Seize ans que Pianoteq existe et seize ans qu’il est le roi incontesté des pianos à modélisation, apportant toujours plus de réalisme dans son rendu, et toujours plus de possibilités aussi. La preuve avec cette version 8 qui s’aventure désormais sur le terrain de la guitare…
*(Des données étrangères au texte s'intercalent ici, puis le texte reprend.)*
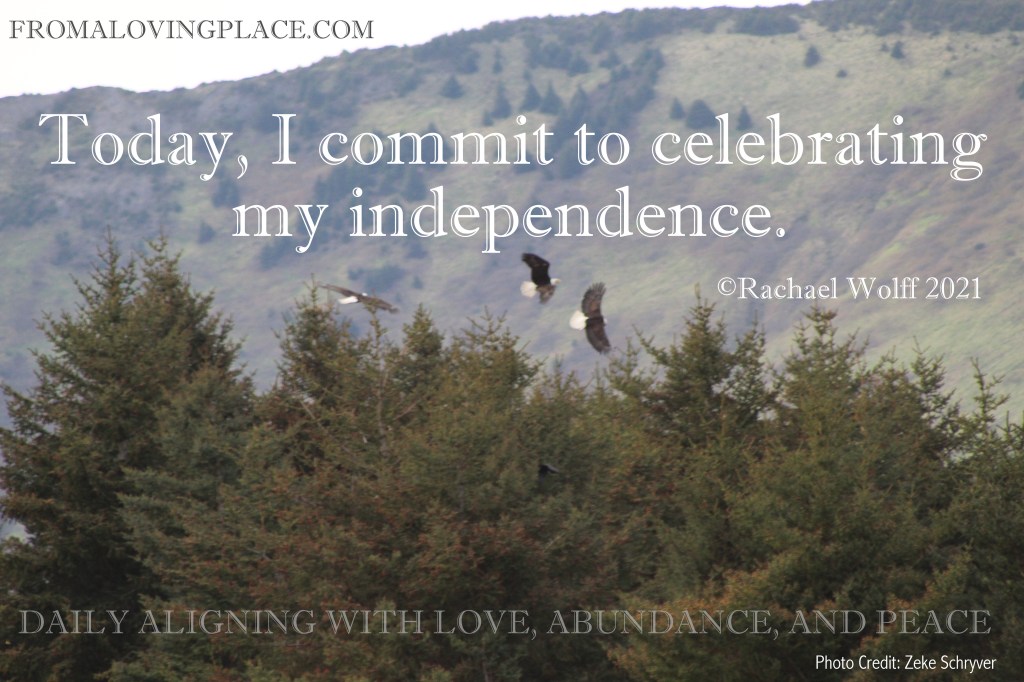 Today, I commit to celebrating my independence. For me, celebrating MY independence means that I’m being responsible and accountable for what is mine. I look at what choices I’m making to align my energy with love, abundance, and peace, because that is where my FREEDOM lives. I’m free to CHOOSE to live in my love or my fear, my abundance or my lack, and my peace or my separation. Each one is inside of me, I get to CHOOSE which one I give power to through my thoughts, beliefs, and actions in each moment. This is how I celebrate my independence as my authentic self. Today, I celebrate my independence by CHOOSING to live and share from a loving place.

Comme une variante de la blague des éléphants et de la 2CV*, Pianoteq est ce petit miracle qui permet de faire tenir des dizaines de pianos acoustiques et électriques, des clavecins mais aussi des percussions chromatiques ou des harpes dans un logiciel qui pèse moins de 50 Mo sur le disque dur ! Comment est-ce possible ? C’est simple, en ne recourant à aucun sample comme la plupart des pianos virtuels concurrents, mais en basant tout sur une modélisation physique des instruments : un vrai travail de mathématicien qui n’est évidemment pas à la portée de tout le monde mais dont l’équipe de Modartt s’acquitte depuis seize ans maintenant avec une impressionnante maestria. Il faut dire que du matheux, il y en a chez Modartt, à commencer par Philippe Guillaume, fondateur de la boîte et qui, après avoir été longtemps accordeur et réparateur de pianos, a repris le chemin de l’école pour décrocher un titre de docteur agrégé en mathématiques appliquées avant de devenir le directeur du département des mathématiques de l’INSA à Toulouse… Bref, s’il y a un Neo qui voit la Matrice quand vous plaquez un accord de Do, c’est bien lui, et ce n’est donc pas un hasard si Pianoteq rayonne aujourd’hui dans le petit monde des instruments virtuels, où quantité de pianistes le préfèrent aux grosses Berthas du sampling…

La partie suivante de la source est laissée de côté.